## [Task item]
Reproduce, exactly and in full, the records that follow, minus any pictures.
Start of Block
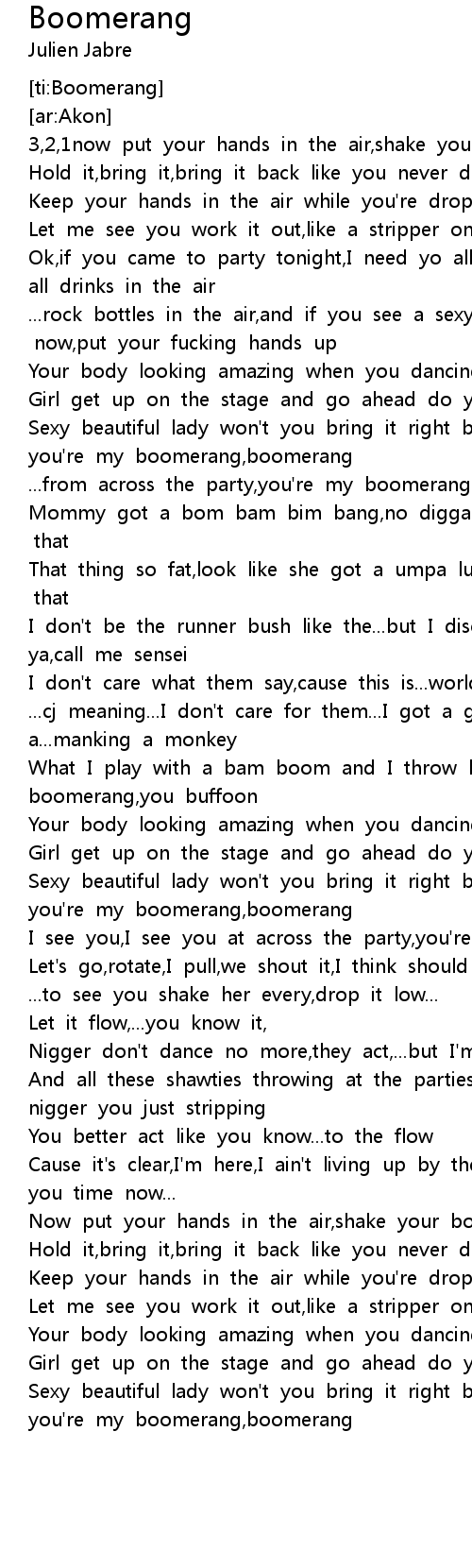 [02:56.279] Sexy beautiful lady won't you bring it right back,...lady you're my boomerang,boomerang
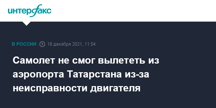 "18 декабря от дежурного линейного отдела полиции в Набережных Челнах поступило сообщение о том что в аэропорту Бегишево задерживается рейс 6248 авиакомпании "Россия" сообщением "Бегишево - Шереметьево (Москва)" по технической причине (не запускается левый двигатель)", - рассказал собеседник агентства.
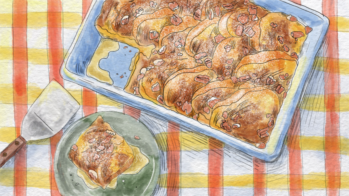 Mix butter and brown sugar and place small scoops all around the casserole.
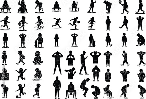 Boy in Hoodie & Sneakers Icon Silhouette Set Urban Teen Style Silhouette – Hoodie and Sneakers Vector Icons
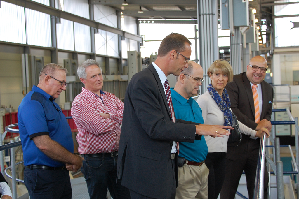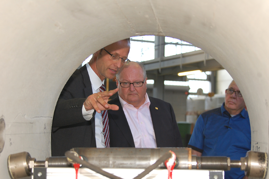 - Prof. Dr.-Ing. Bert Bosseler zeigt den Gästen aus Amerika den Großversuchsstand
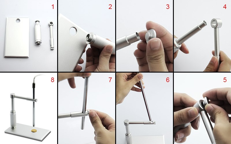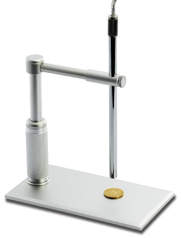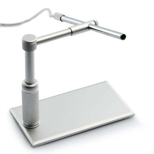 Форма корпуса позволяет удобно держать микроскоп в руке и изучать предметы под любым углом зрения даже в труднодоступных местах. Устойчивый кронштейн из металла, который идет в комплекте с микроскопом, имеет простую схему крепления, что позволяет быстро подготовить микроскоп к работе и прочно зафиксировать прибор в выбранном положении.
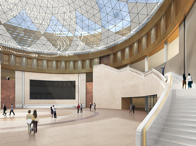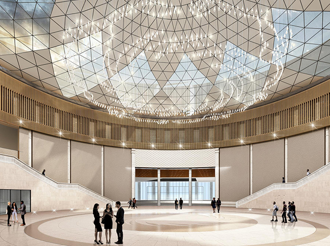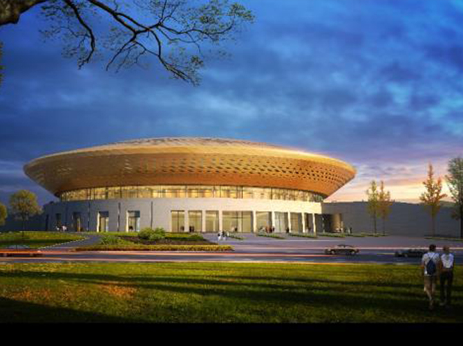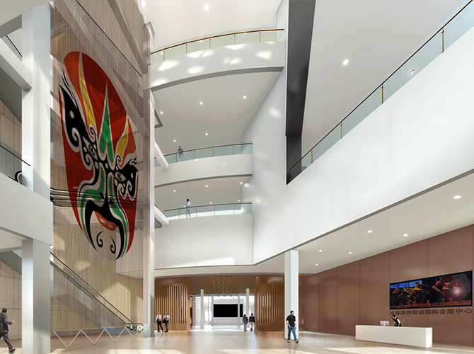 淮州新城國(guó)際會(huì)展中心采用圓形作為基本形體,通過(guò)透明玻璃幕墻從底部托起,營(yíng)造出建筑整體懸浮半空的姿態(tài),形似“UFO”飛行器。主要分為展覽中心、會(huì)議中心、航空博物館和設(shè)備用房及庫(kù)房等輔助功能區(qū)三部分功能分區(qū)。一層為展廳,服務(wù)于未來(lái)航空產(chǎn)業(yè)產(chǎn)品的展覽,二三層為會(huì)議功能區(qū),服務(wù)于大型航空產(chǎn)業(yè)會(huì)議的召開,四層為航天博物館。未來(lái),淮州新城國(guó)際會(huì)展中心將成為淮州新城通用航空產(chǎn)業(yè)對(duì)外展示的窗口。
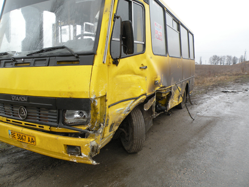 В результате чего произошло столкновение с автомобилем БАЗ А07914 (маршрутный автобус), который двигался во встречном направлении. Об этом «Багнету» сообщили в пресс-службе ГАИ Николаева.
End of Block
## [Result of the task]
 [02:56.279] Sexy beautiful lady won't you bring it right back,...lady you're my boomerang,boomerang
 "18 декабря от дежурного линейного отдела полиции в Набережных Челнах поступило сообщение о том что в аэропорту Бегишево задерживается рейс 6248 авиакомпании "Россия" сообщением "Бегишево - Шереметьево (Москва)" по технической причине (не запускается левый двигатель)", - рассказал собеседник агентства.
 Mix butter and brown sugar and place small scoops all around the casserole.
 Boy in Hoodie & Sneakers Icon Silhouette Set Urban Teen Style Silhouette – Hoodie and Sneakers Vector Icons
 - Prof. Dr.-Ing. Bert Bosseler zeigt den Gästen aus Amerika den Großversuchsstand
 Форма корпуса позволяет удобно держать микроскоп в руке и изучать предметы под любым углом зрения даже в труднодоступных местах. Устойчивый кронштейн из металла, который идет в комплекте с микроскопом, имеет простую схему крепления, что позволяет быстро подготовить микроскоп к работе и прочно зафиксировать прибор в выбранном положении.
 淮州新城國(guó)際會(huì)展中心采用圓形作為基本形體,通過(guò)透明玻璃幕墻從底部托起,營(yíng)造出建筑整體懸浮半空的姿態(tài),形似“UFO”飛行器。主要分為展覽中心、會(huì)議中心、航空博物館和設(shè)備用房及庫(kù)房等輔助功能區(qū)三部分功能分區(qū)。一層為展廳,服務(wù)于未來(lái)航空產(chǎn)業(yè)產(chǎn)品的展覽,二三層為會(huì)議功能區(qū),服務(wù)于大型航空產(chǎn)業(yè)會(huì)議的召開,四層為航天博物館。未來(lái),淮州新城國(guó)際會(huì)展中心將成為淮州新城通用航空產(chǎn)業(yè)對(duì)外展示的窗口。
 В результате чего произошло столкновение с автомобилем БАЗ А07914 (маршрутный автобус), который двигался во встречном направлении. Об этом «Багнету» сообщили в пресс-службе ГАИ Николаева.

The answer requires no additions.